Сергей поднялся вверх по улице и завернул в знакомый до боли квартал. Вот он, родной Тру-ля-ля! Облезлые бледно-желтые и серые стены трёх– и пятиэтажных домов с миниатюрными балконами прячутся за уродливо остриженными тополями; четырехскатные шиферные крыши с полуразрушенными дымоходами, утыканы крестами и ромбами телевизионных антенн; детская площадка из отходов черной металлургии, будто предназначенная для нанесения ушибов и увечий; на краю площадки мокнут под дождем деревянные скамейки и покрытый толстой резиной стол для «забивания козла», а у проржавевших мусорных бачков пасутся бродячие псы с большими грустными глазами. В центре, как апофеоз серости и безвкусия, – трансформаторная будка, превращенная подростками в наглядное пособие по сексуальному просвещению.

Сергей стоял у обитых жестью дверей подъезда и с грустью смотрел на окна на втором этаже панельной пятиэтажки. Там на пятидесяти квадратах брежневской трешки прошли его беспутные детство и юность. Интересно, столько лет минуло, а рамы всё те же. И шторы вроде такие же. И вообще, где пластиковые окна? Должны же были хоть одно на весь квартал поставить. А может это из-за аварии?
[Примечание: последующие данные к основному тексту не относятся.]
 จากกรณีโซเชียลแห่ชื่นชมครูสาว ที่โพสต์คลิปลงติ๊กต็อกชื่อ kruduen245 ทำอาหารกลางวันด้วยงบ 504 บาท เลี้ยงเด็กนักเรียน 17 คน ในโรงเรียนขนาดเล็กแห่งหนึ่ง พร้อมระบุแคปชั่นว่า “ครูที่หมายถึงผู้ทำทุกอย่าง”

Лет десять назад в начале декабря ударили лютые морозы; один за другим взорвались котлы на ГРЭС и Старый город погрузился в холод и мрак. Народ выживал, как мог: ютились на кухнях, согреваясь буржуйками и газовыми горелками. Много в ту зиму в Старом городе стариков поумирало: одни замерзли, другие угорели, третьи – просто не выдержали этого ада. Хотели уже было эвакуацию провести, но куда? Это же целый город, с несколькими районами и коммунальными службами! Хорошо к Новому году один котел запустили кое-как, полегче стало. Но где гарантия, что опять что-нибудь подобное не случится? Вот и живёт народ, как на пороховой бочке, – тут не до пластика и прочих прелестей цивилизации.
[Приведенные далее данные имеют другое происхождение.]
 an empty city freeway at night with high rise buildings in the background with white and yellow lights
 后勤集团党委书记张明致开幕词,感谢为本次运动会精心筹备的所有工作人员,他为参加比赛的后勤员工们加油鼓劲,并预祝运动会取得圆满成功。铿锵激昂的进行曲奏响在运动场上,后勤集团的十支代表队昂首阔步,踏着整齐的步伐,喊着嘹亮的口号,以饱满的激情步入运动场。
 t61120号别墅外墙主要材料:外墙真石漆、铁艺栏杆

Протарахтевший мимо старый Опель едва не забрызгал Сергея грязью, провалившись в колдобину на асфальте. Лет двадцать назад он такое не спустил бы, и обязательно крикнул вслед: «Старый хрыч! Фриц недобитый!». Но того хрыча – деда Арнольда, пленного немецкого офицера, оставшегося жить в Союзе после окончания срока, – уже и в помине нет. И Сергей знал это наверное – сам выносил гроб с телом покойника из подъезда.

Кто же тогда за рулем? Сын? Внук? Вот чего-чего, а детей за дедом Арнольдом не водилось: 50 лет прожил он со своей русской женой, Зиной, а детишек Бог так и не дал. А нечего было на Русь с мечом, понимаешь ли! Пусть скажет спасибо, что жив остался.

Правда сам дед Арнольд злился, когда его фашистом обзывали. Однажды и маленькому Серёжке за это досталось: услышав от сопливого пацана обидную кличку, дед плеснул ему пивом прямо в глаза. На Серёжкин плачь выбежала мать и долго орала на соседа, мол, и немец он недобитый, и фашист натуральный, если на малое дитё руку поднять посмел. А тот сидел и глухо молчал (русский он так и не выучил), и только холодно, словно через прицел, смотрел на нее и Серёжку своими стеклянными глазами. Так до сих пор Сергей и не знает: был на самом деле дед Арнольд фашистом или нет.

Как никто не знает, откуда в городе за Уралом взялся старый Опель модели 40-х годов. Его черный лакированный кузов так разительно отличался от советского автопрома, что мальчишки бегали за ним гурьбой, когда он ехал по городу, плавно покачиваясь на «вечных» немецких рессорах и поблескивая отражателями выносных передних фар. Сергею всегда казалось, что эта «фашистская» машина только что приехала из Берлина, и привез её сюда не какой-то там пленный немец, а сам штандартенфюрер Штирлиц – советский разведчик Максим Исаев.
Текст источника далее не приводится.